De acordo com a presidente da Abrage, Marisete Pereira, há necessidade urgente de adicionar ao sistema cerca de 5 GW de potência para atender à demanda crescente e evitar apagões. Essa urgência decorre da expansão acelerada de fontes intermitentes, como solar e eólica, que exigem recursos capazes de responder de forma imediata às variações na geração.
Para a Abrage, o LRCap é essencial para garantir a segurança energética. Na representação ao TCU, o subprocurador ressaltou que a entidade não contestou as regras do certame, mas solicitou a inclusão de um produto adicional hidrelétrico para 2029, já que o modelo previsto contemplava apenas termelétricas.
O que o TCU pode analisar?
Após a exposição dos argumentos, Furtado pediu ao TCU que avalie os indícios de irregularidades na condução do leilão pelo MME, incluindo: os motivos do adiamento, eventuais falhas no processo conduzido pela pasta ou por outros órgãos e possíveis favorecimentos a empresas do setor.
Também solicitou a adoção de medidas urgentes para assegurar que o Leilão de Reserva de Capacidade seja realizado dentro do prazo necessário para atender às demandas do sistema elétrico.
No que se refere ao avanço das fontes intermitentes, o subprocurador ainda pediu uma análise sobre os subsídios às fontes incentivadas e a ausência de incentivos às hidrelétricas, “com o objetivo de garantir um mercado mais equilibrado e eficiente, além de proteger os interesses dos consumidores e a sustentabilidade do sistema elétrico”.

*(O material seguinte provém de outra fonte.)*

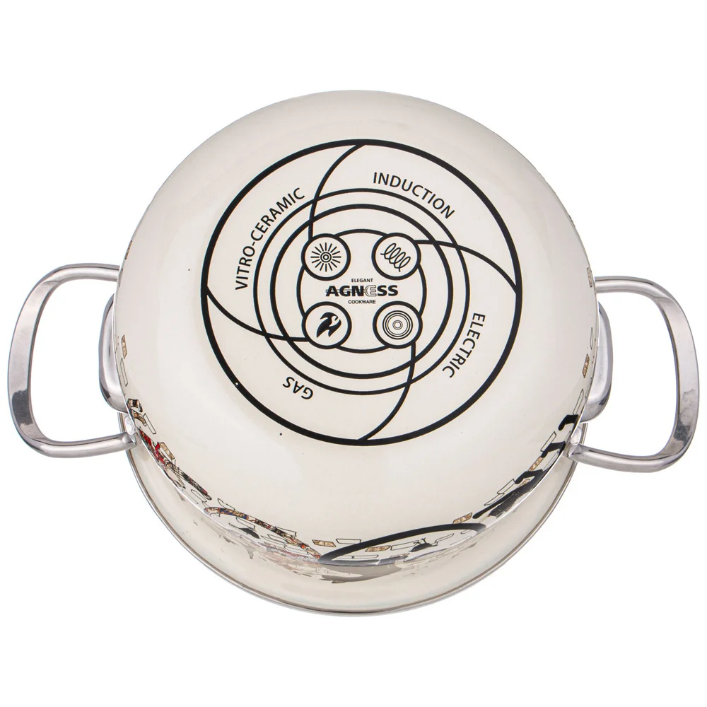 Эмалированная посуда AGNESS - отличный выбор для Вашей кухни! Многие профессиональные повара и домохозяйки выбирают эмалированную посуду. И это не удивительно. Эмалированная посуда обладает целым рядом преимуществ: • Эмалированная посуда не требует особого ухода и легко моется • На поверхности эмалированной посуды не остается запаха пищи. • Эмалированная посуда гигиенична - не удерживает болезнетворных бактерий и микробов. Соответственно в такой посуде можно не только готовить, но и хранить различные блюда, причем достаточно длительное время. • Стильный и нежный декор эмалированной посуды украсит любую кухню. • Посуда проходит 3 этапа обжига, эта технология позволяет сохранить яркость расцветок деколи, а также придает прочность эмалированной посуде • Все деколи наносятся вручную, а затем обжигаются при температуре около 800 С • Подходит для всех типов плит, включая ИНДУКЦИОННЫЕ. Стеклянная крышка с паровыпуском. Можно мыть в посудомоечной машине. • Толщина корпуса и дна без эмалированного покрытия 1,2мм. Размер кастрюль: Кастрюля 2,0Л: диаметр 18см, высота 11см, диаметр дна 13см и ширина с ручками 26 см. Кастрюля 2,8Л: диаметр 20см, высота 12см, диаметр дна 13см и ширина с ручками 28 см. Правила ухода за эмалированной посудой просты: • Не использовать абразивные чистящие средства; • Мыть с применением нейтральных моющих средств, подходит для мытья в посудомоечной машине; • Избегать резкого перепада температур. • Не нагревать пустую посуду, а также не допускать выкипания воды. Эмалированные кастрюли не подходят для жарки блюд. • При транспортировке, хранение и спользовании необходимо оберегать эмалированную посуду от механических повреждений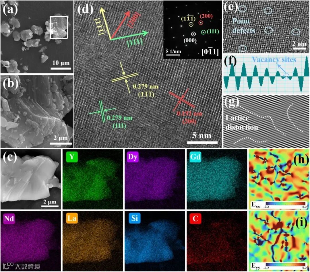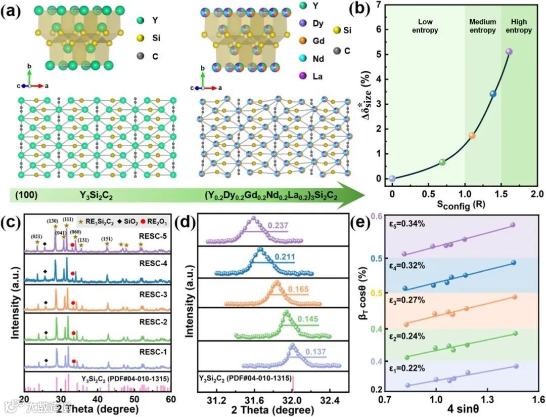 图3 则揭示了研究的核心发现:随着稀土元素种类从1种增至5种,材料的构型熵不断提升,导致XRD衍射峰明显宽化并向低角度移动。通过威廉姆森-霍尔分析定量计算出,微应变从0.22%增至0.34%,直接证明了“高熵”确实引发了显著的晶格畸变,为性能飞跃提供了结构根源。

>> ONS terá apenas 45% da capacidade instalada sob controle direto até 2029.
Riscos de abastecimento
O governo não vê risco de abastecimento no curto prazo, porque o leilão iria contratar usinas existentes entre 2025 e 2027. Em julho, após o cancelamento do certame, o Operador Nacional do Sistema Elétrico (ONS) informou que trabalha com cenários em que, de fato, enxerga esgotamento dos recursos de reserva operativa já em 2025, cuja demanda seria da ordem de 4,2 GW.
Para evitar o déficit, foi necessário tomar uma série de medidas, incluindo a antecipação das termelétricas licitadas no LRCap de 2021. A próxima de janela de necessidade de potência é outubro de 2026, o que daria um “tempo razoável” para trabalhar o tema em consulta pública, encaminhar o edital e demais aprovações junto à Agência Nacional de Energia Elétrica (Aneel) para o certame.
O ONS também está discutindo com a Agência Nacional de Energia Elétrica (Aneel) e com os agentes formas de aumentar a flexibilidade na operação com aproveitamento de recursos existentes, incluindo cerca de 6 GW em pequenas centrais hidrelétricas (PCHs) e térmicas a biomassa, que podem ter capacidade de resposta de flexibilidade, ajudando a tornar a operação mais segura.
A partir de 2028, porém, há risco de déficit de potência se a contratação de nova capacidade não acontecer. As projeções do Plano Decenal de Energia (PDE) 2034, elaborado pela Empresa de Pesquisa Energética (EPE) e divulgado em julho de 2024, indicava um déficit de 5,5 GW em 2028, crescendo gradualmente nos próximos anos. Quanto mais o governo demorar para realizar o leilão, menor será o prazo para entrada em operação desses novos empreendimentos.